My movement journey...
I have loved moving from a young age, unable to sit still I was always seeing a route to explore. Up a tree or over the sofa, playing football, rugby, hockey, lacrosse or flying over a skate ramp. Whatever the activity was I was always curious as to what movement possibilities existed in my body. Movement was and is ultimately the thing that kept my attention. How all the sports supported and enhanced each other, it was one big puzzle.
Eventually I found myself in a dance studio, where I discovered a whole new world of options, pushing my body to always find that extra space, strength, stability or range. Over a decade of touring the world provided me with the privilege of working alongside many incredible movement artists that gave me access to processes, making me question and refine my practice.
The most precious thing I learnt was the power in failure. The value being in the attempt rather than the outcome.
“The master has failed more times than the beginner has even tried.”
Stephen McCranie
“The master has failed more times than the beginner has even tried.”
Stephen McCranie
The most precious thing I learnt was the power in failure. The value being in the attempt rather than the outcome.

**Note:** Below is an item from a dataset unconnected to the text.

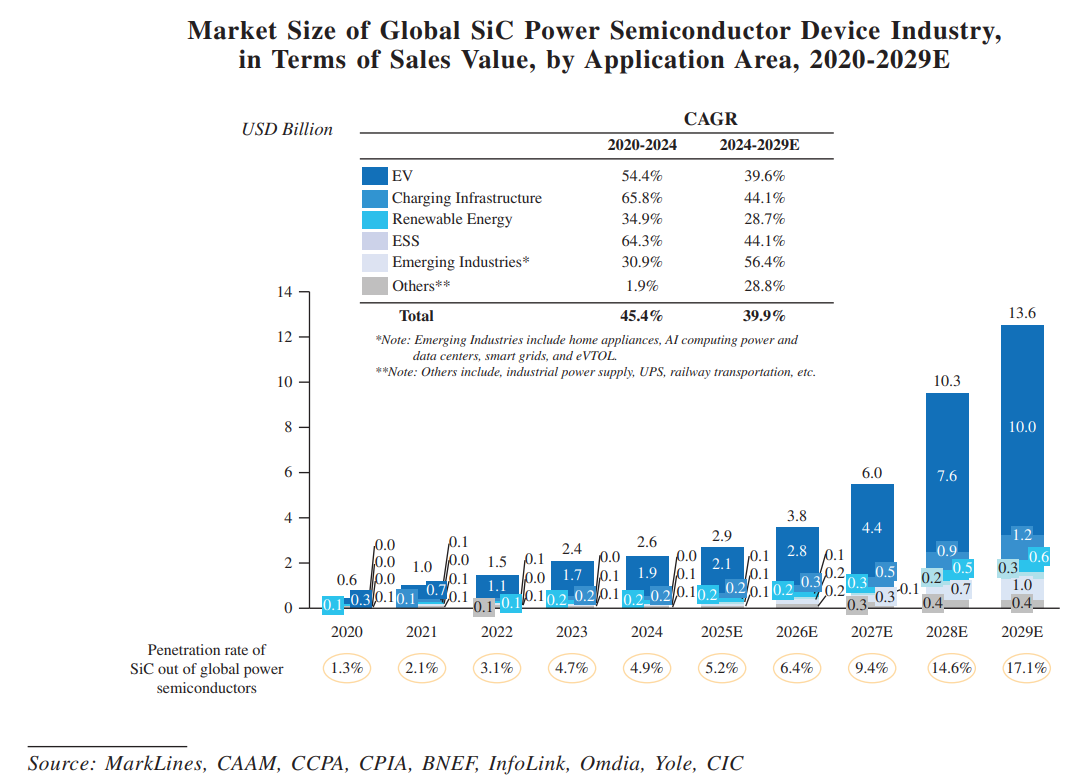SiC power semiconductor devices demonstrate superior performance characteristics in breakdown voltage, thermal conductivity, electron saturation velocity and radiation resistance, offering broader applicability in medium-to-high voltage applications above 600V. These devices are increasingly deployed across electric vehicles (EVs), charging infrastructure, renewable energy, energy storage systems, as well as emerging applications including home appliances, AI computing and data centers, smart grids and eVTOL (electric vertical take-off and landing) aircraft.

My experiences of working with people from diverse training backgrounds, inspired me to play with movement and find a way of training that focused around the individual. By breaking down and learning to articulate my own personal processes of discovery has enabled me to become a more conscious practitioner. The opportunities afforded to me as a dancer gave me the access to teach all over, helping me realise I thrived on the process of creating and learning, rather than presenting a performance to an audience.
So this is me, and how I arrived where I am today, a time to research and play utilising those wonderings I had as a child. Linking the skills I built in all the different lectures, sports and dance classes I experienced. My constant curiosity to always look for ways to improve and push by exploring something else. Evolving the environment we move in, the challenge, the pattern, the pathway, the focus. Always evolving old ways to help assist and collect new ones.
A baby doesn’t try walking, fall over and think I failed therefore walking is not for me. They see, they try, they challenge and find a way to learn. Exercising that ‘failure’ I didn’t see as a child, as it was just part of playing and discovering the world. I only saw the bruises or grazes I gained from falling, which taught me to get up and try again, by looking for another way to approach it.
So let’s play more with movement and training as adults and experience how that can help us to continue discovering.